Saturday, March 17, 2012

March 17

March 17, 1846 finds Miss Barrett being fatalistic again. She does not guarantee a happy ending:

"But where, pray, did I say, and when, that 'everything would end well?' Was that in the dream, when we two met on the stairs? I did not really say so I think. And 'well' is how you understand it. If you jump out of the window you succeed in getting to the ground, somehow, dead or alive ... but whether that means 'ending well,' depends on your way of considering matters. I am seriously of opinion nevertheless, that if 'the arm,' you talk of, drops, it will not be for weariness nor even for weakness, but because it is cut off at the shoulder.

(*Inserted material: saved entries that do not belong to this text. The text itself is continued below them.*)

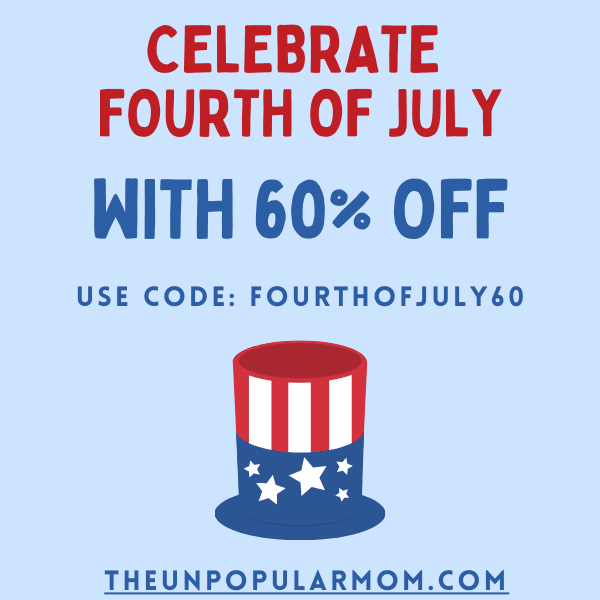 Marcy at the UnpopularMom.com is having a fourth of July sale! Everything in the store is 60% off, except PBA!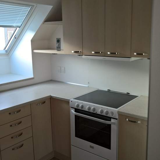 Large, bright and spacious apartment centrally located in Viborg. The apartment features an entrance hall, bathroom, large living room, kitchen, office, two rooms and a bedroom with built-in wardrobes. There are wooden floors in the living room and bedrooms, tiles in the bathroom and vinyl flooring in the kitchen. There is also a private backyard with a double carport.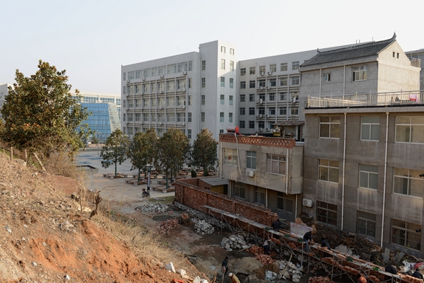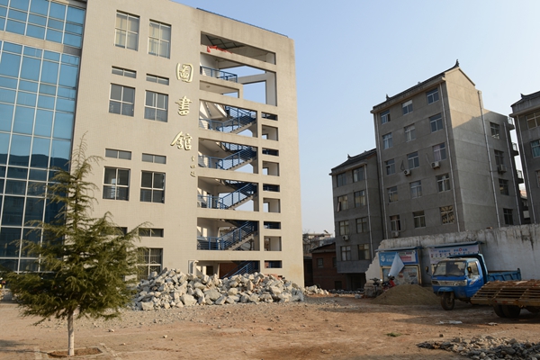 为了使图书馆正门前道路畅通、东西两院径直连通,两楼前边界至少要前移10多米,占地面积共计4.9亩。4.9亩面积虽不大,但却处处是咽喉要地。校长刘建林、纪委书记王思怀多次与市上相关部门联系洽谈,基建处多次配合商州区城关办事处赴东店子社区居民家中洽谈,1月20日学校与所涉及的3户15人达成协议,划定了边界权属,开始平整土地、修筑围墙。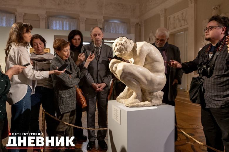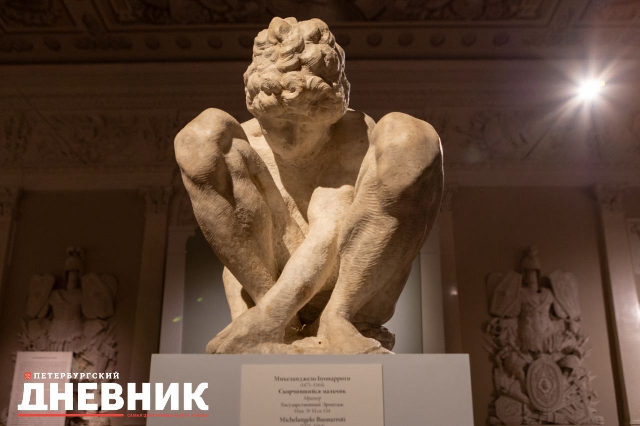 Центральным экспонатом выставки является скульптура «Скорчившийся мальчик» – уникальное произведение Микеланджело, единственное в России. Статуя поступила для императорской коллекции еще в 1784 году и осталась незавершенной, как и многие работы мастера. Она изображает юношу, полного физических сил, но сломленного духовно.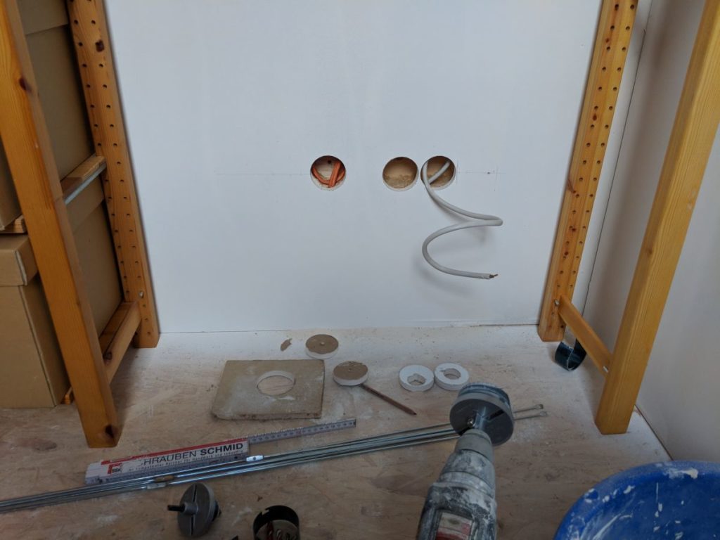 Hier wurden meine Markierungen der Steckdosen überstrichen. Mit Geschick, Sachverstand und etwas Glück habe ich die Dosen gefunden und nur eine 4 mm Bohrung fehlplatziert (Dort war die Dose Ursprünglich gefräst, nun liegen aber die Kabel durch, sodass ich nachträglich eine neue Netzwerkdose ausgeschnitten hatte.)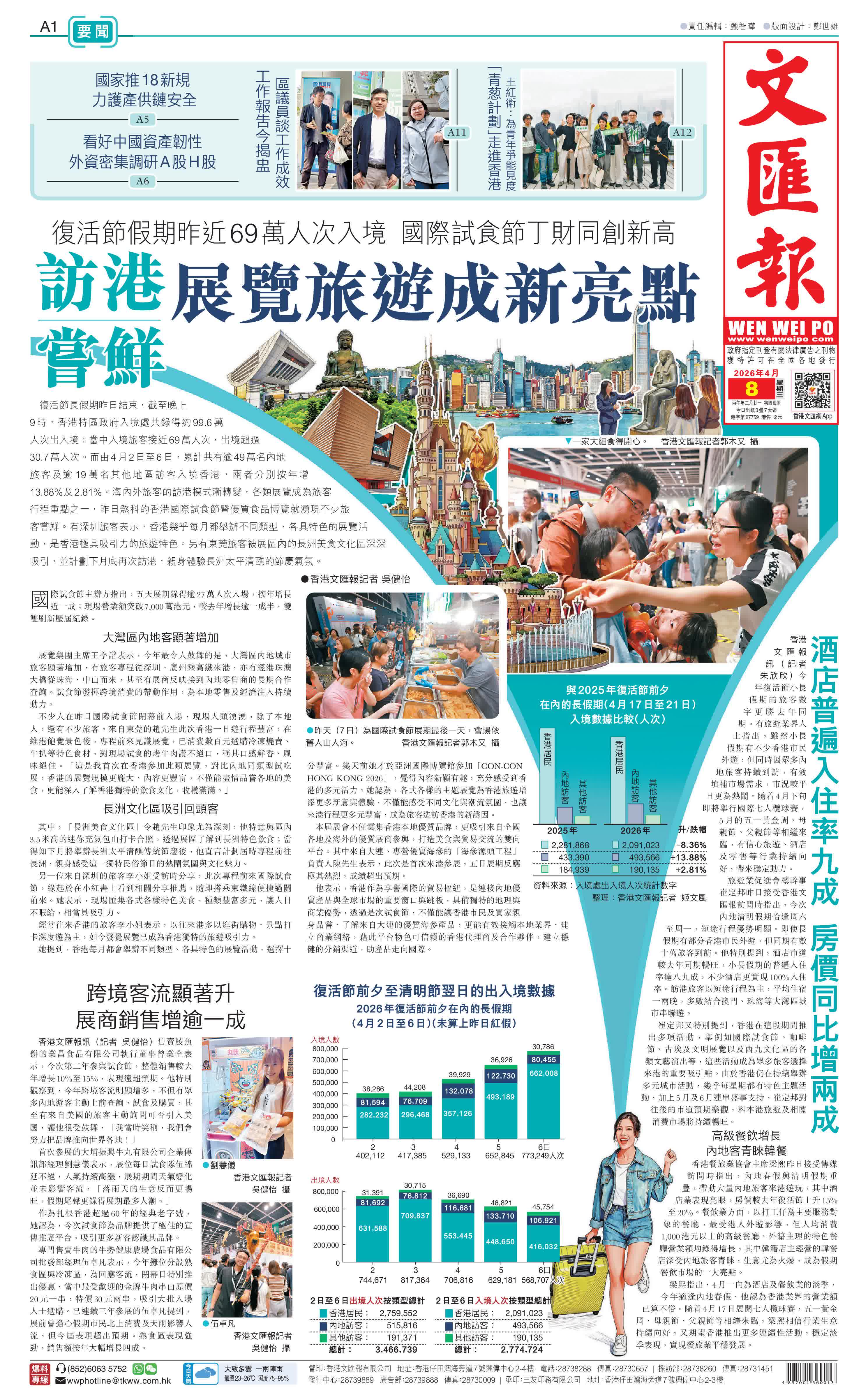 (香港文匯報記者 吳健怡)復活節長假期昨日結束,截至晚上9時,香港特區政府入境處共錄得約99.6萬人次出入境;當中入境旅客接近69萬人次,出境超過30.7萬人次。而由4月2日至6日,累計共有逾49萬名內地旅客及逾19萬名其他地區訪客入境香港,兩者分別按年增13.88%及2.81%。海內外旅客的訪港模式漸轉變,各類展覽成為旅客行程重點之一,昨日煞科的香港國際試食節暨優質食品博覽就湧現不少旅客嘗鮮。有深圳旅客表示,香港幾乎每月都舉辦不同類型、各具特色的展覽活動,是香港極具吸引力的旅遊特色。另有東莞旅客被展區內的長洲美食文化區深深吸引,並計劃下月底再次訪港,親身體驗長洲太平清醮的節慶氣氛。

I will not fail to you,—may God so deal with me, so bless me, so leave me, as I live only for you and shall. Do you doubt that, my only beloved! Ah, you know well—too well, people would say ... but I do not think it 'too well' myself, ... knowing you."

Plus a bit of gossip after the signature:

"Here is a gossip which Mr. Kenyon brought me on Sunday—disbelieving it himself, he asseverated, though Lady Chantrey said it 'with authority,'—that Mr. Harness had offered his hand heart and ecclesiastical dignities to Miss Burdett Coutts."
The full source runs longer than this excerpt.